(Gerardo, before) Then we agree that the "poverty of stimulus" is a false assumption. But the research of exactly what and how can a child learn from each stimular situation is still a relevant topic for a developmental account of language learning.
(Neil) And that is where we part company. Treating it in terms of "stimular situation" seems too limiting.
(Gerardo) "Too" limiting... for what purposes? Compared to which criterion? Don´t forget that the assessment of "too much" or "not enough" is relative to one or another purpose and criterion, so you cannot dismiss without further argumentation the purpose of having an analytical research program of children´s learning from stimular situations (a purpose that is valuable, at the very least, because it can give us effective tools for assessing and helping people with learning disabilities).
(Gerardo, before) It´s true that the child doesn´t need to acquire "rules of syntax". But he still needs to acquire generalizations (what´s "simmilar") and discriminations (what´s "not simmilar") of words and frames. And for such learning, the child needs experiential data which functions as positive or negative evidence for each generalization and discrimination.
(Neil) That's a standard view, but I do not agree with it. I cannot find any adequate account of "similar" in the literature.
(Gerardo) You don´t know any adequate account? What about the behavioral research about generalization and discrimination of stimulus classes? I´d quickly acknowledge that there´re many unanswered questions yet, but it would be both unfair and self-defeating to deny all the advances of such research area without further argumentation.

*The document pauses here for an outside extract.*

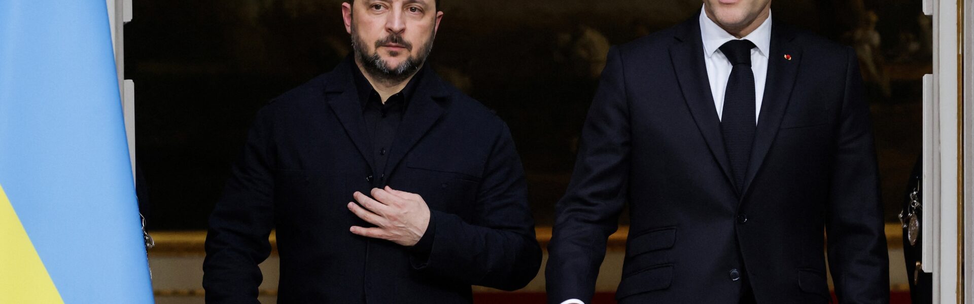 O presidente da Ucrânia, Volodymyr Zelensky e o presidente da França, Emmanuel Macron, em Paris — Foto: LUDOVIC MARIN/Pool via REUTERS

(Neil) It seems to me that "similar" is a perceptual judgement, and is prior to being able to discriminate. Roughly speaking, the ability to make judgements of similarity is not something learned through experiential data, but is instead something developed in order to make experiential data possible.
(Gerardo) Well, I´d acknowledge that a lot of similarities don't need to be learned through experiential data (they might be detected as similar thanks to our innate perceptual mechanisms), but you should also acknowledge that a lot of judgements of similarity must be learned through experiential data. For example a doll and a ball are very different objects in their perceptual features, and yet a child can learn that are "of the same kind" at least regarding certain features (i.e., they are "toys", they are "made of plastic", they are "properties of the same child", etc.). How would you account for such kind of judgments of similarity if you deny that they were learned through experiential data?